An Incredibly Stupid Idea

The opinion pages of the New York Times, a reliably fertile source of hare-brained ideas (no offense to hares, of course), printed a column today displaying such an utter lack of understanding of fundamental economic principles that one could easily mistake the author for a member of Congress, rather than a financial columnist and the author of a book entitled “Dumb Money.”

Collectively, we don’t seem to have run our credit cards through shredders. Mailboxes are again stuffed with credit card solicitations. Newspapers are filled with come-ons from car dealers offering zero-percent financing. The Federal Housing Authority offers mortgages on houses for as little as 3 percent down. You’d be forgiven for thinking that we’ve flown back in time to September 2006.

And, believe it or not, that’s a good thing. The economic expansion that has been going along in fits and starts since June 2009 was initially powered by government stimulus and business investment. But for this recovery to mature, broaden and persist, the greatest economic force known to mankind — the American consumer — has to get back in the game.

In an economy in which consumers account for 70 percent of activity, credit is both a vital lubricant and the indispensable fuel.

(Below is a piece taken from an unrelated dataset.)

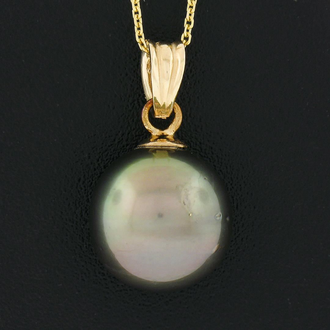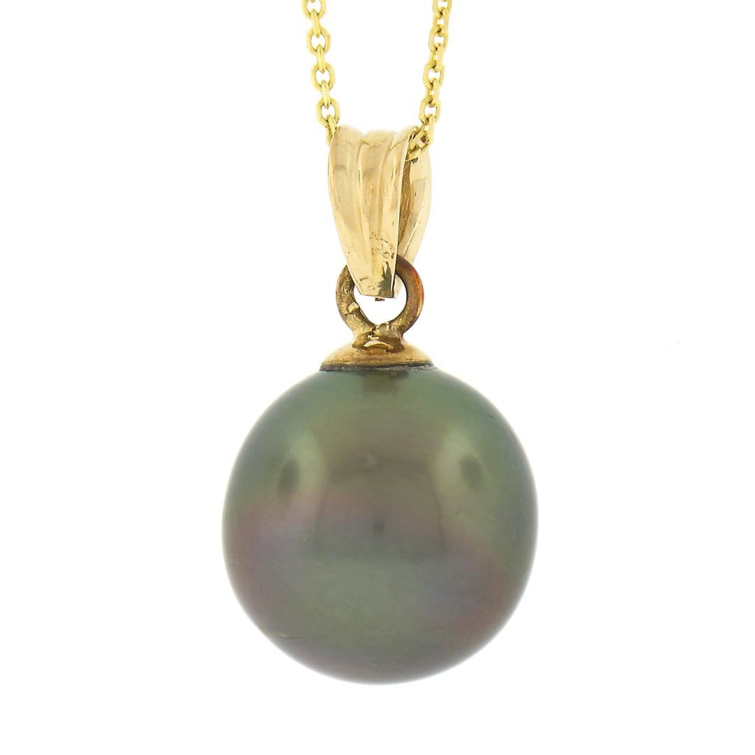 a solid 14k yellow gold pendant necklace, featuring 1 round shape cultured tahitian pearl (11.5mm). 18 inch cable link chain, 3.81 grams total weight, pendant measures 20.3x11.50mm.

Money may make the world go ’round, but credit makes the gears of commerce run smoothly.

Many of our largest and most significant industries still have business models that rely on the use of debt to purchase goods and services. Unless you’re a multimillionaire, it’s difficult to make significant purchases — college tuition, a Viking stove, a Toyota Prius, computers, jewelry, a house — out of savings or cash flow from wages. The renewed willingness and confidence to spend money we don’t have is vital to the continuing recovery.

So, in other words, we’ll solve a problem caused by taking on too much debt to buy things we couldn’t really afford by taking on more debt to buy things we can’t afford!

The column concludes with the following gem:

Running up consumer debt may be a moral failure and a recipe for long-term damnation, but it also contains the roots of our short-term salvation.

Yeah, that works, just up to the point where the short-term becomes the long-term – a line we crossed in 2008.   Then the “damnation” phase becomes inevitable.

By the way, I recently replaced my own stove with a new Sears Kenmore – highly rated by Consumer Reports - at a fraction of the cost of a Viking range.  It cooks just as well as a Viking, and I can afford better food because I’m not wasting money on finance charges.

Millions of Americans are finally waking up and doing the same thing.